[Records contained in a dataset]
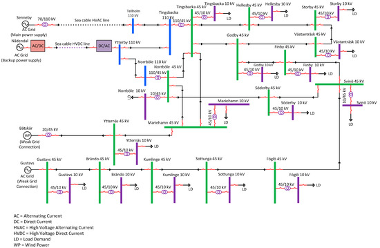 The minimum generation and maximum loading cases for 2022 and 2030 are considered in such a way that power supplies from Bätskär and Nådendal are not operational in the simulation model. By considering the above operational criteria along with the predicted load demand for the years 2022 and 2030, the basic single line diagram of the simulation model is shown in Figure 8. Thus, the current operation of power system in the Åland Islands can form two possible islanded sections of the network in radial topologies.
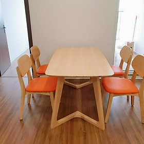 Mô tả sản phẩm - Kích thước bàn 1,2m*75cm, cao 75cm - Kích thước ghế 45*45*80cm - Chất liệu gỗ cao su tự nhiên, chất liệu nệm: simili - Mặt bàn HDF Lỗi xanh -
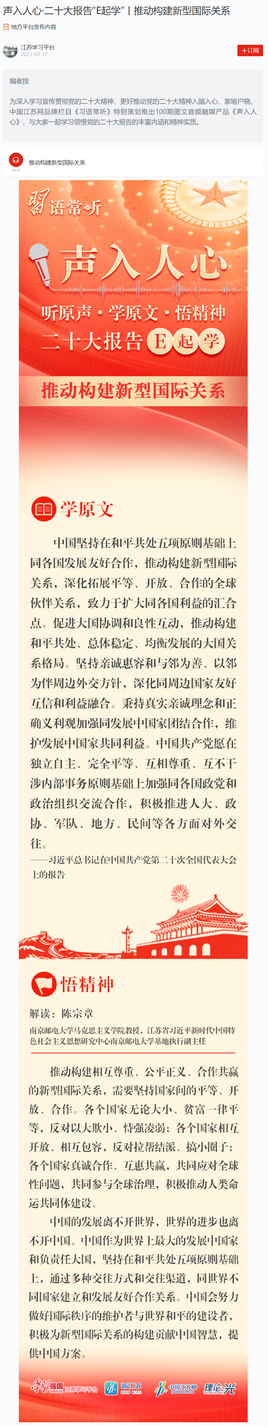 【学习强国】声入人心·二十大报告“E起学”丨推动构建新型国际关系
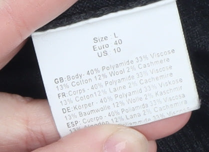 Womens Black L Knit Pullover Jumper Long Sleeve Round Neck
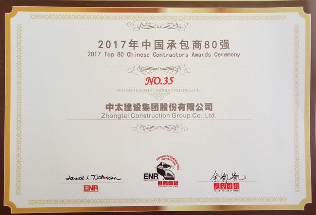 2017ENR/建筑時(shí)報(bào)“中國(guó)承包商80強(qiáng)和工程設(shè)計(jì)企業(yè)60強(qiáng)”榜單日前揭曉,中太建設(shè)集團(tuán)成功入圍“2017年中國(guó)承包商80強(qiáng)”榜單,排名第35名,這是中太建設(shè)集團(tuán)第8次入圍該榜單。
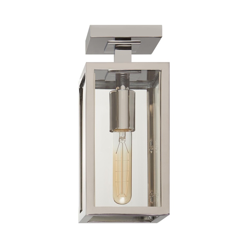 OverviewLustrous chrome finish metal delivers brilliant radiance to the Fresno Semi Flush Mount Ceiling Light from Visual Comfort Signature, creating a focal point in an upscale space. A geometric rectangular frame and clear glass panels pair with linear a
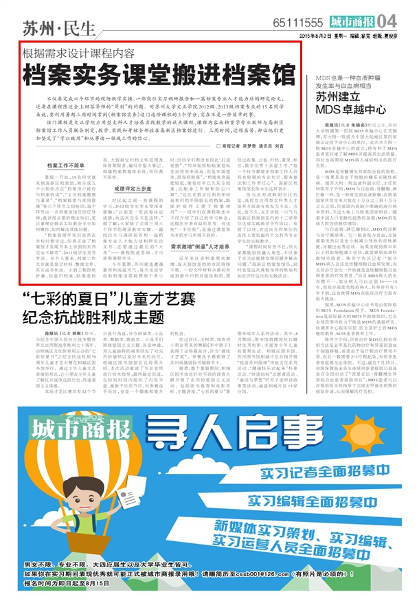 不仅要完成六个环节的现场教学实操、一部岗位实习调研报告和一篇档案专业人才能力结构研究论文,还要在课程陈述会上回答导师的“苛刻”的问题。对苏州大学文正学院2012级、2013级档案专业的15名同学来说,要利用暑期三周时间拿到《档案馆实务》这门选修课程的3个学分,实在不是一件简单的事。
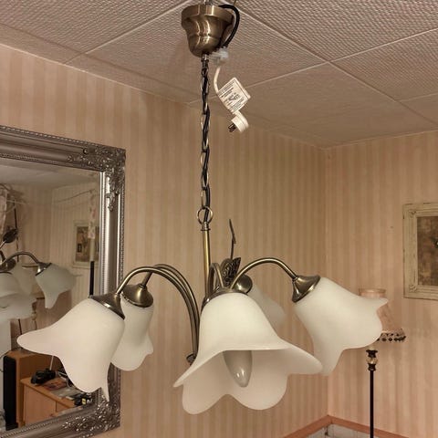 Kolme erilaista valkoista lasista kattovalaisinta messinkisillä yksityiskohdilla. Ensimmäisessä valaisimessa on pyöreä, opaalilasisesta kupusta koostuva varjostin ja suora ripustusputki. Toisessa valaisimessa on viisi käsivartta ja sylinterimäiset lasivarjostimet, jotka jakavat valon useampaan suuntaan. Kolmas valaisin on muodoltaan leveä ja matala, opaalilasinen kupu roikkuu ketjulla kiinnitettynä kattoon. En lähetä. Kulkeutuu Sastamala Tampere välillä. Kaikki kerralla 150e

ABOUT THIS EXERCISE - What the answer needs is every record above, exactly as written, and no pictures.

EXERCISE OUTPUT -
 The minimum generation and maximum loading cases for 2022 and 2030 are considered in such a way that power supplies from Bätskär and Nådendal are not operational in the simulation model. By considering the above operational criteria along with the predicted load demand for the years 2022 and 2030, the basic single line diagram of the simulation model is shown in Figure 8. Thus, the current operation of power system in the Åland Islands can form two possible islanded sections of the network in radial topologies.
 Mô tả sản phẩm - Kích thước bàn 1,2m*75cm, cao 75cm - Kích thước ghế 45*45*80cm - Chất liệu gỗ cao su tự nhiên, chất liệu nệm: simili - Mặt bàn HDF Lỗi xanh -
 【学习强国】声入人心·二十大报告“E起学”丨推动构建新型国际关系
 Womens Black L Knit Pullover Jumper Long Sleeve Round Neck
 2017ENR/建筑時(shí)報(bào)“中國(guó)承包商80強(qiáng)和工程設(shè)計(jì)企業(yè)60強(qiáng)”榜單日前揭曉,中太建設(shè)集團(tuán)成功入圍“2017年中國(guó)承包商80強(qiáng)”榜單,排名第35名,這是中太建設(shè)集團(tuán)第8次入圍該榜單。
 OverviewLustrous chrome finish metal delivers brilliant radiance to the Fresno Semi Flush Mount Ceiling Light from Visual Comfort Signature, creating a focal point in an upscale space. A geometric rectangular frame and clear glass panels pair with linear a
 不仅要完成六个环节的现场教学实操、一部岗位实习调研报告和一篇档案专业人才能力结构研究论文,还要在课程陈述会上回答导师的“苛刻”的问题。对苏州大学文正学院2012级、2013级档案专业的15名同学来说,要利用暑期三周时间拿到《档案馆实务》这门选修课程的3个学分,实在不是一件简单的事。
 Kolme erilaista valkoista lasista kattovalaisinta messinkisillä yksityiskohdilla. Ensimmäisessä valaisimessa on pyöreä, opaalilasisesta kupusta koostuva varjostin ja suora ripustusputki. Toisessa valaisimessa on viisi käsivartta ja sylinterimäiset lasivarjostimet, jotka jakavat valon useampaan suuntaan. Kolmas valaisin on muodoltaan leveä ja matala, opaalilasinen kupu roikkuu ketjulla kiinnitettynä kattoon. En lähetä. Kulkeutuu Sastamala Tampere välillä. Kaikki kerralla 150e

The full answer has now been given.